I am putting together a system that collects data from Quandl and stores it in a database. I should note that there is no commercial aspect to what I am doing (I have no customer/employer). I am doing this as a hobby and to hopefully learn a thing or two.

Anyway, the challenge I have set myself is to build a system that automatically downloads data from Quandl and stores it in a database, without ever saving zip or csv files to disk.

Quandl provides daily 'delta' files which can be downloaded as zip files. The zip files are extracted to csv files. I have managed to get as far as downloading the zip files and extracting the csv files all in memory, using a MemoryStream, ZipArchive, and StreamReader in .Net (F# specifically - happy to provide a code snippet if required).

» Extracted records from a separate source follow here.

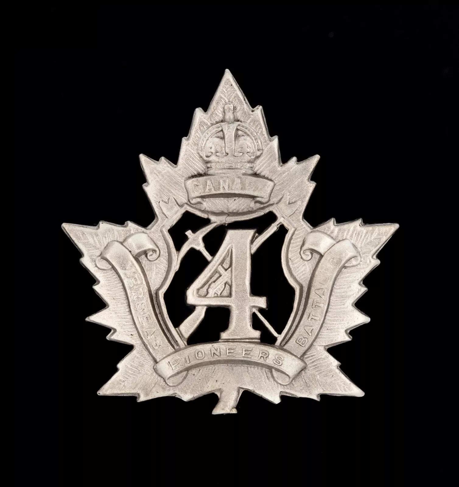 4th Canadian Pioneers Overseas Battalion Cap Badge Hallmarked Silver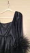 Black Silk Chiffon Feather Cuff Mini Dress Medium Square neck Smock at back Mobwife Whimsigoth Party Holiday Glam
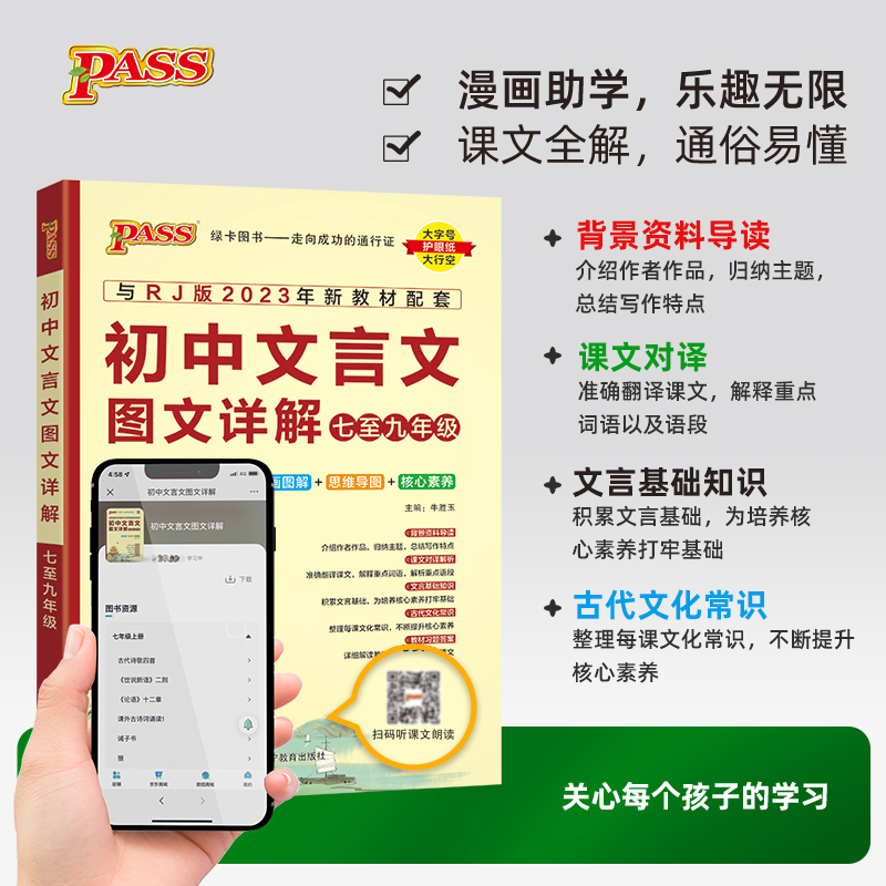 2024版 七年级八九年级初一二三中考文言文全解一本通阅读训练译文及赏析pass绿卡图书 初中文言文图文详解七至九年级统编人教版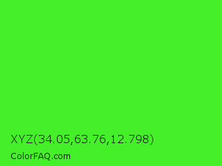 XYZ 34.05,63.76,12.798 Color is a normal green color and the nearest color is Neon Green #39ff14. Hex code #45f02b and RGB value is rgb(69,240,43). In RGB color space, this color is composed of 27% red, 94% green, 17% blue, In CMYK color space, this color is composed of 71% cyan, 0% magenta, 82% yellow , 6% black , In HSL color space, this color has a hue angle of 112° , 87% saturation and 55% lightness.
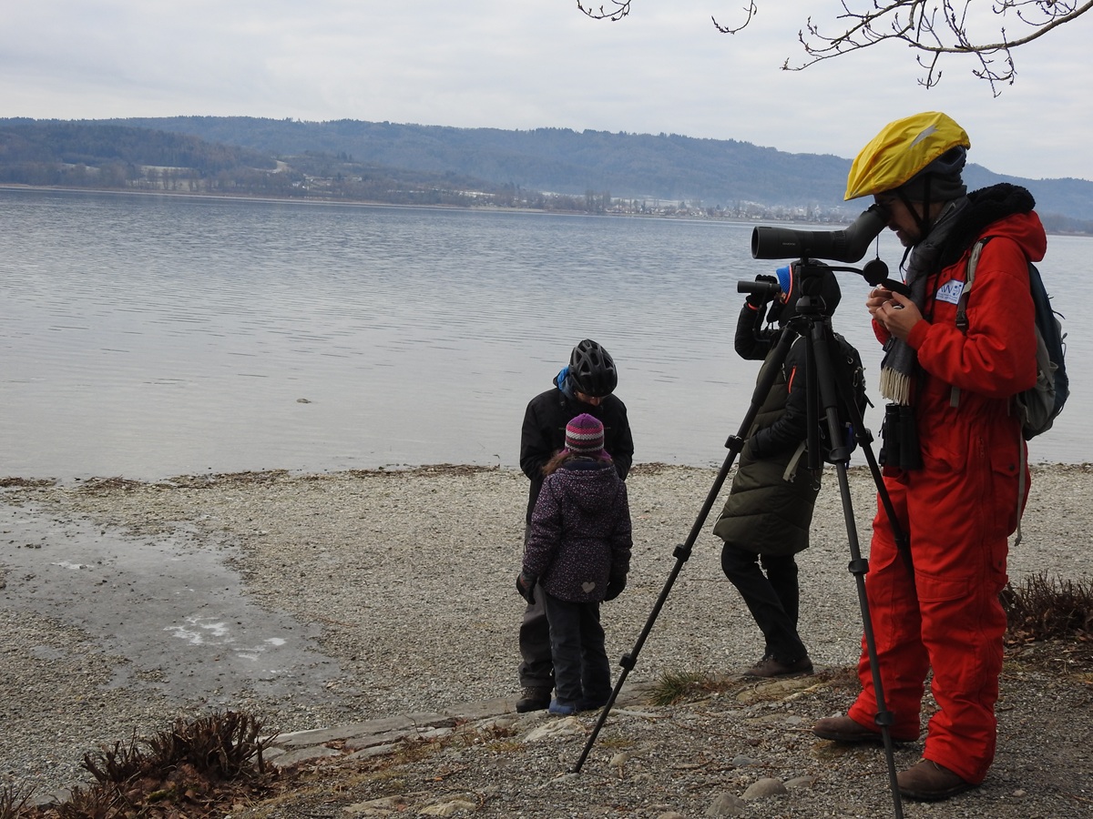 Vögel zählen macht Spaß, allzumal in Gesellschaft und wenn es für einen guten Zweck ist. Hier Freiwillige von EuroNatur bei der Wasservogelzählung am Bodensee am 12. Januar 2025.

Now the challenge I am stuck on is how to get this over to my database. The database I am using is MariaDB (which is essentially the same as MySQL). I am using this because this is the only type of database my NAS supports.

Options are

  1. Give up on my objective of not ever saving to disk and save the csv to disk, then pass the file path to a stored procedure as in this answer.
  2. I can convert the csv data into JSON or XML and pass it to a stored procedure and have the server parse the string into a tempory table. I have done this before using SQL Server and am assuming something similar is possible here.
  3. Read the csv line by line and pass to the database line by line. This is really a non option as it would be very slow.

Seems like 2 is the best option I know of. Is there a more direct way that does not involve converting csv to JSON or XML?

Chechy Levas
  • 1,764
  • 1
  • 10
  • 21
  • 1
    Would anything in this blog post be helpful? https://medium.com/@edgarsanchezg/hey-f-load-me-this-csv-file-into-a-table-14c60a3b0842 – Tomas Petricek Aug 16 '17 at 17:19
  • @TomasPetricek - I've only read the first paragraph and came back to say that I can't believe you managed to find something so specifically on target for my question! I'll read the rest and let you know if any problems, but it looks promising. – Chechy Levas Aug 16 '17 at 17:27

1 Answers1

2

LOAD DATA INFILE will be, by far!, the fastest way to go. But it does require you to put the CSV data into a file system. You may have a temporary, even a RAM, file system in your setup for doing this.

In the dotnet world, there's a robust module for reading CSV data from streams. Files are a special case of streams. The module is called, for historic reasons, Microsoft.VisualBasic.FileIO.TextFieldParser. (It works fine outside Visual Basic, it just has a name from long ago.)

If you use this approach, you can improve performance by inserting multiple rows of the CSV in each transaction. There are two ways to do that.

One is multirow inserts, like so

     INSERT INTO tbl 
     (col,col,col)
     VALUES 
     (val, val, val),
     (val, val, val),
     (val, val, val),
     ...
     (val, val, val);

The other is to use START TRANSACTION, then do a couple of hundred inserts, then do COMMIT, then repeat that until you're done. Experience teaches that will make your insertion reasonably fast.

Parsing JSON in a MySQL stored procedure? Absurdly hard to debug. And, you'll still have to manage the transactions as I mentioned.

O. Jones
  • 81,279
  • 15
  • 96
  • 133